Обратим внимание, что в августе 1914 г. еще одним субъектом действий в отношении имущества стали жители приграничных территорий Российской империи, которые переходили границу и грабили оставленные немецкие селения. Об этом в одном из донесений, например, упоминал полковник А. М. Крымов[143], а военный врач З. Г. Френкель, в августе 1914 г. служивший в 1-м армейском корпусе (2-я армия), с которым побывал районе Илово – Зольдау, вспоминал: «Противник спешно очистил не только нашу пограничную область, но и все близкие к границе свои населенные пункты. Возвратившееся население польских деревень устремилось в немецкие безлюдные поселки, и мы видели по всем дорогам, как поляки всех возрастов несли из покинутых немцами домов всякую утварь, гнали свиней и скот»[144].

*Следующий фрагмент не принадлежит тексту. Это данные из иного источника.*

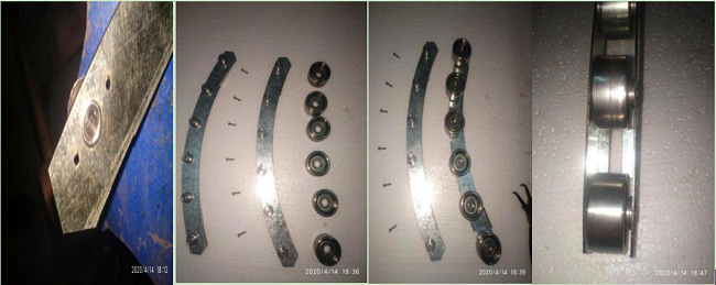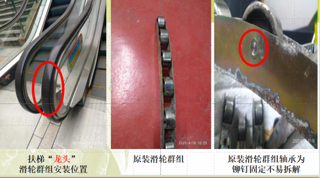 解决问题:扶梯滑轮群组损坏换新率较高,扶梯整套滑轮为6个轴承一组,原设计为铆钉固定,当1个轴承损坏而另外5个轴承和支架在完好的情况下,进行维修耗费工时过多,工时费甚至超过换新费用,所以往往只能选择整体更换。

Это обстоятельство было известно властям, а в начале сентября сувалкский губернатор Н. Н. Куприянов поставил вопрос о том, чтобы бесхозных коней свозить в Вержболово для образования конского запаса. Другими словами, проблема заключалась вовсе не в факте разграбления, а в том, чтобы это имущество поставить на службу армии, т. е. опять вопрос сводился к пресечению самовольного поведения и обеспечении порядка. К слову, 3 сентября (20 августа) губернатор получил соответствующее разрешение от Н. А. Данилова[145]. В этот же день П. К. фон Ренненкампф, готовя свою армию к обороне перед ожидающимся наступлением противника, распорядился в том числе «угнать весь скот и лошадей, находящихся перед фронтом»[146]. Причем П. А. Аккерман свидетельствовал: «<…> левый фланг армии, наиболее пострадавший, тем не менее умудрился пригнать, отходя спешно, от десяти до пятнадцати тысяч голов скота. Я своими глазами видел стада, и не малые (голов до шестисот), типичных, белых с черными пятнами, голландок из Восточной Пруссии»[147]. В эти же дни во время отступления частей 10-й русской армии был разграблен приграничный город Просткен: отходящие солдаты и жители деревень по российскую сторону границы угнали весь скот и лошадей, 272 жителя были депортированы в Россию, 19 убиты, а остальные бежали. Почти все дома были сожжены[148].

Осенью отношение к немецкой собственности кардинально поменялось. Если в августе – сентябре 1914 г. речь шла о возмещении за счет противника тех или иных недостатков в снабжении, то теперь благополучие экономики рассматривалось как основа боеспособности немецкой армии, а потому нанесение экономического урона превратилось во вполне легитимную военную задачу. Так, уже рассмотренный выше приказ Н. В. Рузского требовал не только уничтожения казенного имущества, если его нельзя вывезти, но и подрыва обрабатывающей промышленности, для чего предписывалось «портить машины на казенных и частновладельческих заводах и фабриках, поручая это дело саперам». Экономическая эксплуатация приобретала системный характер: для сбора «местных средств» при начальнике этапно-хозяйственного отдела должны были формироваться специальные эксплуатационные команды, а излишки собранных запасов вывозиться в Россию[149]. Такие настроения передавались и войскам. По крайней мере, относительно событий осени 1914 г. П. А. Аккерман свидетельствовал: «Ныне сознание подсказывало солдату, что необходима борьба с материальным благосостоянием неприятеля»[150].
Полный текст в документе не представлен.